Key Facts of Oxidative Biomarkers in Neonatal HIE

  • Lipid peroxidation biomarkers: this group of biomarkers has been most extensively investigated in neonatal HIE, providing consistent evidence on their diagnostic and prognostic value; data on CSF samples are also available.

  • Protein oxidation biomarkers: limited, although promising evidence for early assessments in neonatal HIE; possibly influenced by TH. Normal cord blood ranges available.

  • Nonprotein-bound iron : increased in HIE infants; the predictive value on HIE severity needs to be validated during TH. Normal cord blood ranges available.

  • Uric acid (UA): urine UA concentration is easily and noninvasively available and may represent a promising oxidative biomarker in neonatal HIE. A urinary UA/creatinine ratio ≥ 2.3 may predict severe HIE and the related mortality.

  • Antioxidant enzymes : correlation between cord blood and HIE severity; more heterogeneous evidence on blood levels over the first 5 days of life.
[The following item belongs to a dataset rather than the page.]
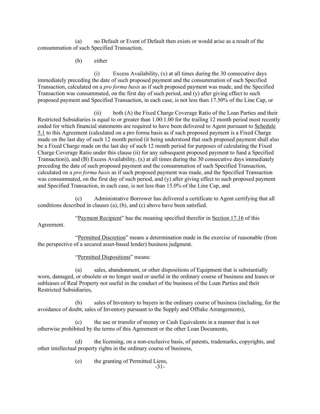 -31- (a) no Default or Event of Default then exists or would arise as a result of the consummation of such Specified Transaction, (b) either (i) Excess Availability, (x) at all times during the 30 consecutive days immediately preceding the date of such proposed payment and the consummation of such Specified Transaction, calculated on a pro forma basis as if such proposed payment was made, and the Specified Transaction was consummated, on the first day of such period, and (y) after giving effect to such proposed payment and Specified Transaction, in each case, is not less than 17.50% of the Line Cap, or (ii) both (A) the Fixed Charge Coverage Ratio of the Loan Parties and their Restricted Subsidiaries is equal to or greater than 1.00:1.00 for the trailing 12 month period most recently ended for which financial statements are required to have been delivered to Agent pursuant to Schedule 5.1 to this Agreement (calculated on a pro forma basis as if such proposed payment is a Fixed Charge made on the last day of such 12 month period (it being understood that such proposed payment shall also be a Fixed Charge made on the last day of such 12 month period for purposes of calculating the Fixed Charge Coverage Ratio under this clause (ii) for any subsequent proposed payment to fund a Specified Transaction)), and (B) Excess Availability, (x) at all times during the 30 consecutive days immediately preceding the date of such proposed payment and the consummation of such Specified Transaction, calculated on a pro forma basis as if such proposed payment was made, and the Specified Transaction was consummated, on the first day of such period, and (y) after giving effect to such proposed payment and Specified Transaction, in each case, is not less than 15.0% of the Line Cap, and (c) Administrative Borrower has delivered a certificate to Agent certifying that all conditions described in clauses (a), (b), and (c) above have been satisfied. “Payment Recipient” has the meaning specified therefor in Section 17.16 of this Agreement. “Permitted Discretion” means a determination made in the exercise of reasonable (from the perspective of a secured asset-based lender) business judgment. “Permitted Dispositions” means: (a) sales, abandonment, or other dispositions of Equipment that is substantially worn, damaged, or obsolete or no longer used or useful in the ordinary course of business and leases or subleases of Real Property not useful in the conduct of the business of the Loan Parties and their Restricted Subsidiaries, (b) sales of Inventory to buyers in the ordinary course of business (including, for the avoidance of doubt, sales of Inventory pursuant to the Supply and Offtake Arrangements), (c) the use or transfer of money or Cash Equivalents in a manner that is not otherwise prohibited by the terms of this Agreement or the other Loan Documents, (d) the licensing, on a non-exclusive basis, of patents, trademarks, copyrights, and other intellectual property rights in the ordinary course of business, (e) the granting of Permitted Liens,

Limited data on CSF specimens.

Summary Points

  • Given the key role of oxidative stress in the development of brain injury following a hypoxic-ischemic insult, multiple oxidative biomarkers have been explored in the context of neonatal HIE, with the aim to implement available diagnostic and prognostic tools.

  • Serum biomarkers may have a low specificity to effectively estimate the extent of oxidative processes underlying brain injury, as they may rather reflect systemic oxidative stress.
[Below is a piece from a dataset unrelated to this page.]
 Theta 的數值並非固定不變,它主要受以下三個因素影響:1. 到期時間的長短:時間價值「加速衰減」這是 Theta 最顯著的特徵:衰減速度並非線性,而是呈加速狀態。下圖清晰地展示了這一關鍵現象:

  • CSF specimens may increase the diagnostic value of oxidative biomarkers toward the development of neonatal HIE; however, their collection require invasive maneuvers, and the available evidence on CSF biomarkers is still limited.

  • Data on oxidative biomarkers obtained before the introduction of TH as a standard treatment for neonatal HIE may not be applicable to cooled infants, since this treatment contributes to reduce the oxidative burden during the secondary energy depletion.

  • Validating these biomarkers in relation to the available neuroprotective treatments and, in particular to TH, may add useful information also to monitor the efficacy of these treatments in dampening down oxidative stress.

  • The high costs, the technical complexity, and the need for trained personnel associated with GC-MS/MS or LC-MS/MS have limited their availability; hence, despite encouraging evidence, oxidative biomarkers are not routinely used in neonatal clinical settings yet.